Традиция собственноручного написания жития за долгие годы борьбы со старообрядчеством всячески осуждалась, называлась прельщением, но современные агиографы и историки древнерусской литературы сходятся в мнении, что такая необычная форма вызвана обстоятельствами конкретной ситуации и носит глубоко исповедальный характер. Известно, что столетием позже данную традицию пытался поддержать св. Паисий Величковский, назвав автобиографию свою «Саморучной повестью» .

В житии Епифания мы можем найти некоторые параллели с житием св. Максима Исповедника, и всё же подвиг инока Епифания неповторимый, единственный, потому что в житии своем он старался воспроизвести именно русскую святость, рождающуюся из безмолвного знания, тот тщательно хранимый на русском севере дух, потерю которого предвидел в появлении новых обрядов.

Чудный сей Епифаний родился в деревне. В каком году – неизвестно, из уст его самого следует, что как умерли родители его, оставил он деревню и удалился в некий город многолюдный и христианский. Прожил он в городе том семь лет, и пришел к Епифанию помысел – взыскать пути спасения. Желал он образ обрести – получить образование, и отправился к Спасу Всемилостивому во святую обитель Соловецкую. Была с Епифанием и благодать Христова: отцы приняли его с радостью, а ведь иным и отказывали.

Пробыл он в Соловецком монастыре на послушании семь лет, и все его за послушание любили, а после того святой архимандрит Илья с прочими отцами возложили на него и святой иноческий образ, стал Епифаний иноком в 1652 году. Год этот для истории русской непростой потому, что в том же году и Никон патриарх на престол патриарший взошел по попущению Божию. Только на Соловках говорили не взошел, а наскочил.

Еще пять лет пробыл здесь Епифаний уже на послушании иноческом, но жизнь в обители Соловецкой менялась, стали отцы тужить да плакать, ведь в Москве на Печатном дворе вводились новые порядки, правились старые книги. Менялись формы жизни и слова в молитвах, менялись облачения, обряды и устои. Переправленные книги быстро печатались и быстро распространялись, во множестве возникали и новейшие, наводящие панический страх, эсхатологические тексты. Царь Алексей Михайлович все время на войне, то с Польшей, то со Швецией.
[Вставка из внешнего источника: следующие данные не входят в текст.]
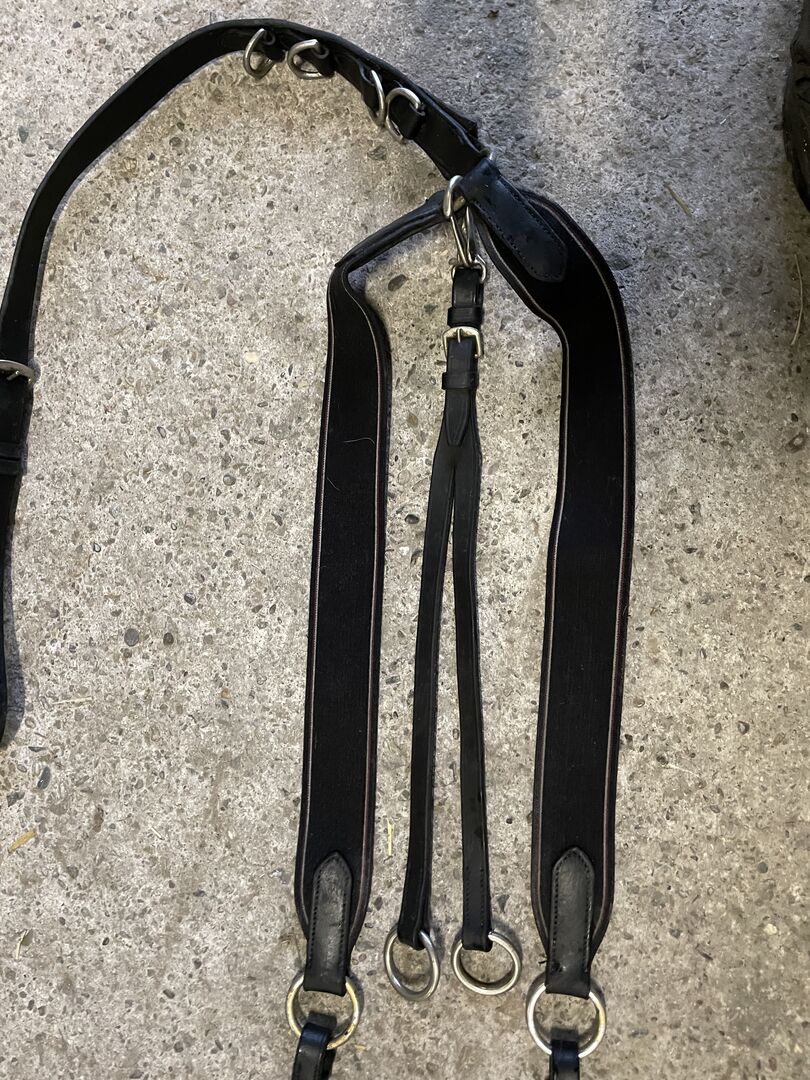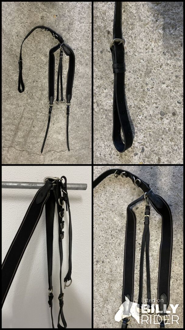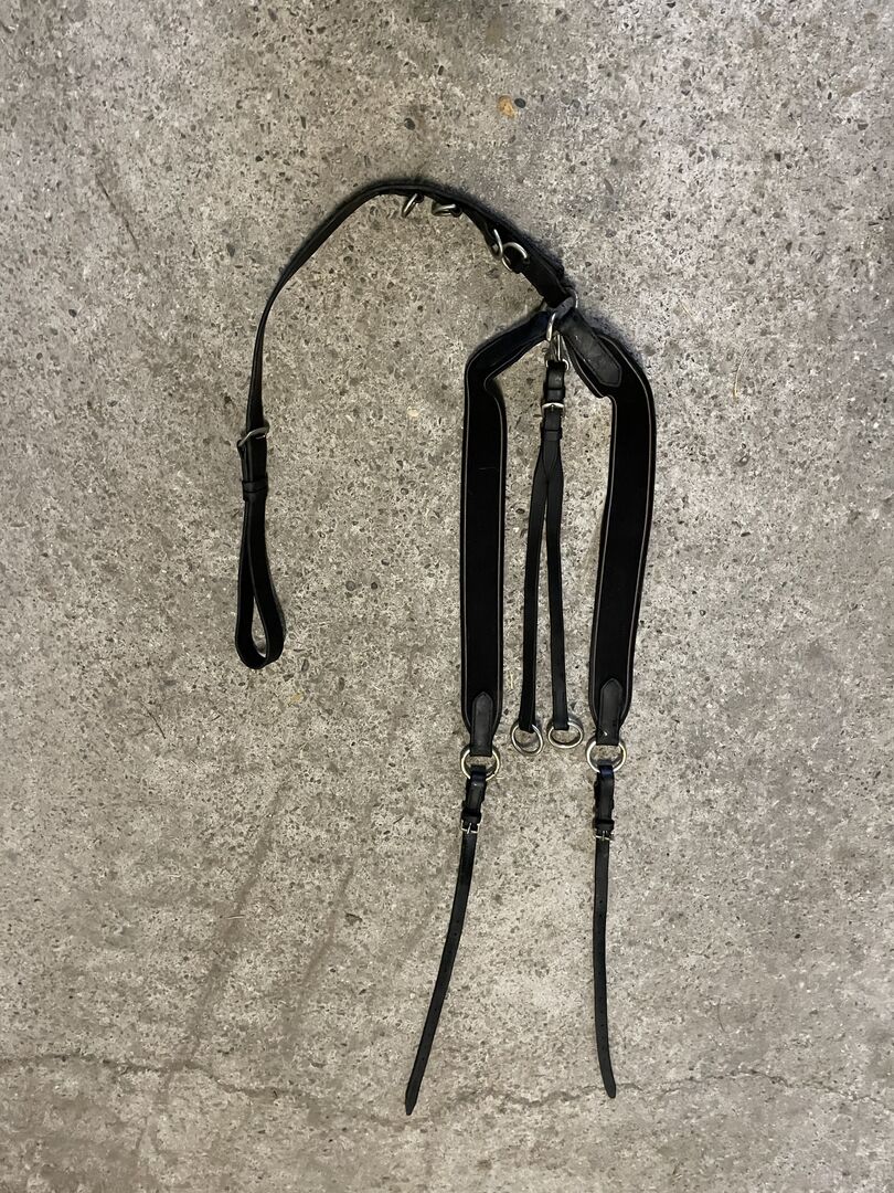 Czarny napierśnik - W ofercie piękny napierśnik z martingalem w rozmiarze wb w kolorze czarnym. Na gumowej wkładce znajdują się różowe i białe linie. Bez karabinka. Odbarwienia widoczne na zdjęciach. Napierśnik można obejrzeć i odebrać po uzgodnieniu w 79802 Dettighofen lub w okolicach Tuttlingen lub Villingen-Schwenningen. Wysyłka za dodatkową opłatą.

Украина воссоединилась с Русским государством – и все это за пять лет его в иноках…

От той тоски и печали, по совету и по благословению старца келейного и отца духовного, взяв книги и небольшие плотницкие инструменты, необходимые для пустынного жития, вышел Епифаний из обители. И благословил его старец «образом Пречистыя Богородицы со младенцем Исус Христом, медяным вольяшным» , то есть медным чеканным маленьким образком. Он ушел от святого монастыря Соловецкого «милости у Христа просити себе и людем» в дальнюю пустыню на Суну-реку, на Онегу озеро.

Здесь он встретил старца, именем Кирилла, жившего чудно и славно, в молитве, псалмопении и посте. Была у Кирилла и мельница. Епифаний подрабатывал на этой мельнице, а старче Кирило обучал его бесов изгонять. Когда Епифаний изнемогал от борьбы, тогда от образа медного чеканного являлась ему Богородица Пресвятая и помогала ему чудесно.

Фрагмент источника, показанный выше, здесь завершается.